- [ACTIVITY] Copy exactly, from the beginning of the material below, every line up to and including the one holding "In Saudi Arabia", with the pictures left out.

- [DATASET EXTRACT]
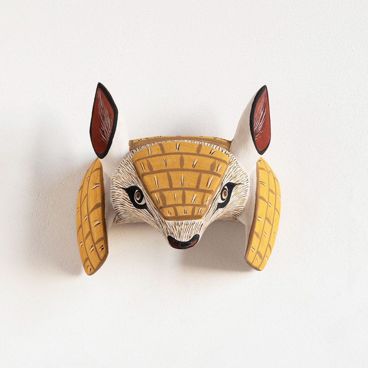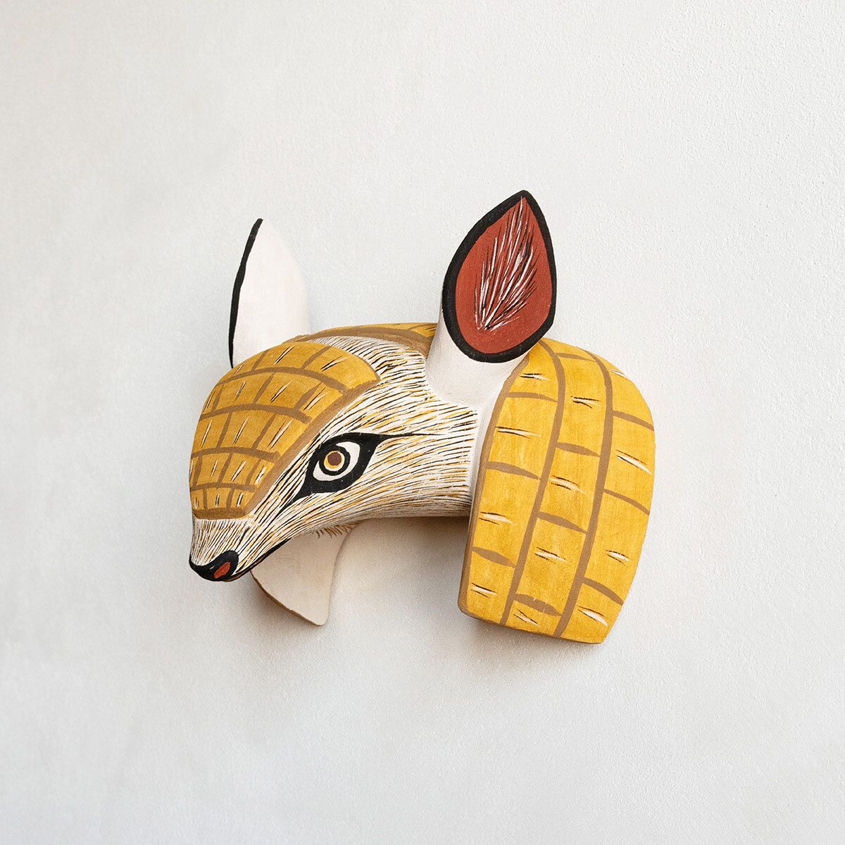 Désirant vous faire découvrir les trésors de l’artisanat argentin, nous sommes partis à la rencontre d’artistes aux mains expertes. Située au nord-ouest de l’Argentine, la communauté Chané regroupe des artisans spécialistes de la sculpture sur bois. Depuis des générations, ils imaginent et façonnent des têtes d’animaux. Employés initialement pour des festivités, elles investissent désormais nos intérieurs. Ce masque Tatou en bois en est une belle illustration. Il devient une décoration originale et unique. Un brin sauvage mais tendre, ce trophée mural orne les murs de la chambre de votre enfant. Il devient un fidèle compagnon avec qui votre petit s’invente de fantastiques aventures. Pour un tableau mural moderne, vous pouvez associer plusieurs trophées en bois. De cette façon, vous créez un décor aux allures sauvages et exotiques. Pour un audacieux portrait de famille.
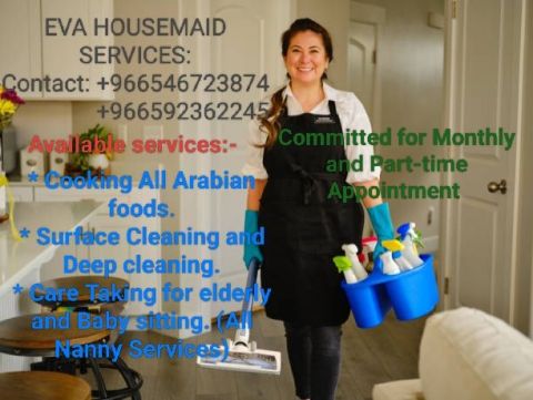 In Saudi Arabia if you need house maids with good experience like cooking, cleaning, caregiving this services available for days, weekly, monthly and years
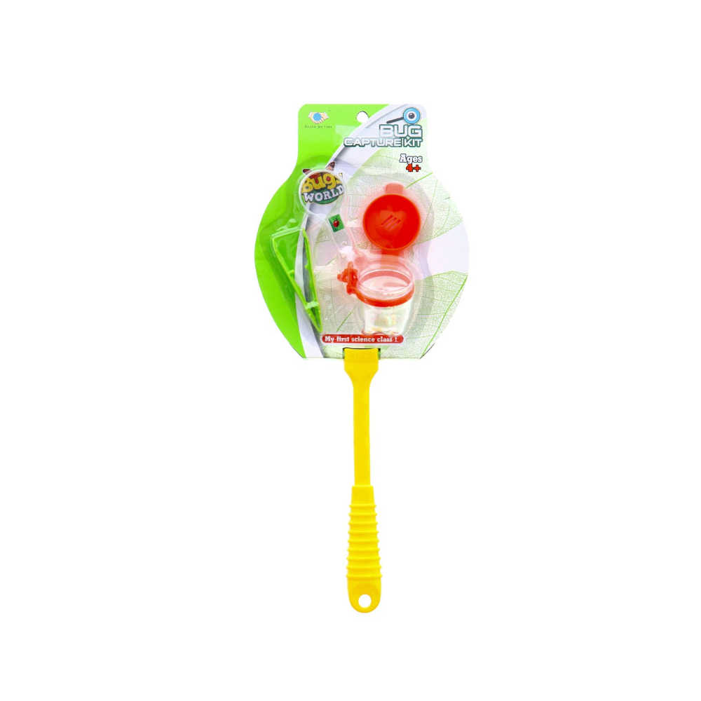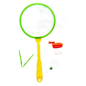 4-delige set om insecten te vangen en te bestuderen. Inhoud: - 1 vangnet - 1 doorzichtig potje (oranje en groene variant, willekeurige levering) - 1 pincet (oranje en groene variant, willekeurige levering) - 1 vergrootglas

- [RESULT OF THE TASK]
 Désirant vous faire découvrir les trésors de l’artisanat argentin, nous sommes partis à la rencontre d’artistes aux mains expertes. Située au nord-ouest de l’Argentine, la communauté Chané regroupe des artisans spécialistes de la sculpture sur bois. Depuis des générations, ils imaginent et façonnent des têtes d’animaux. Employés initialement pour des festivités, elles investissent désormais nos intérieurs. Ce masque Tatou en bois en est une belle illustration. Il devient une décoration originale et unique. Un brin sauvage mais tendre, ce trophée mural orne les murs de la chambre de votre enfant. Il devient un fidèle compagnon avec qui votre petit s’invente de fantastiques aventures. Pour un tableau mural moderne, vous pouvez associer plusieurs trophées en bois. De cette façon, vous créez un décor aux allures sauvages et exotiques. Pour un audacieux portrait de famille.
 In Saudi Arabia if you need house maids with good experience like cooking, cleaning, caregiving this services available for days, weekly, monthly and years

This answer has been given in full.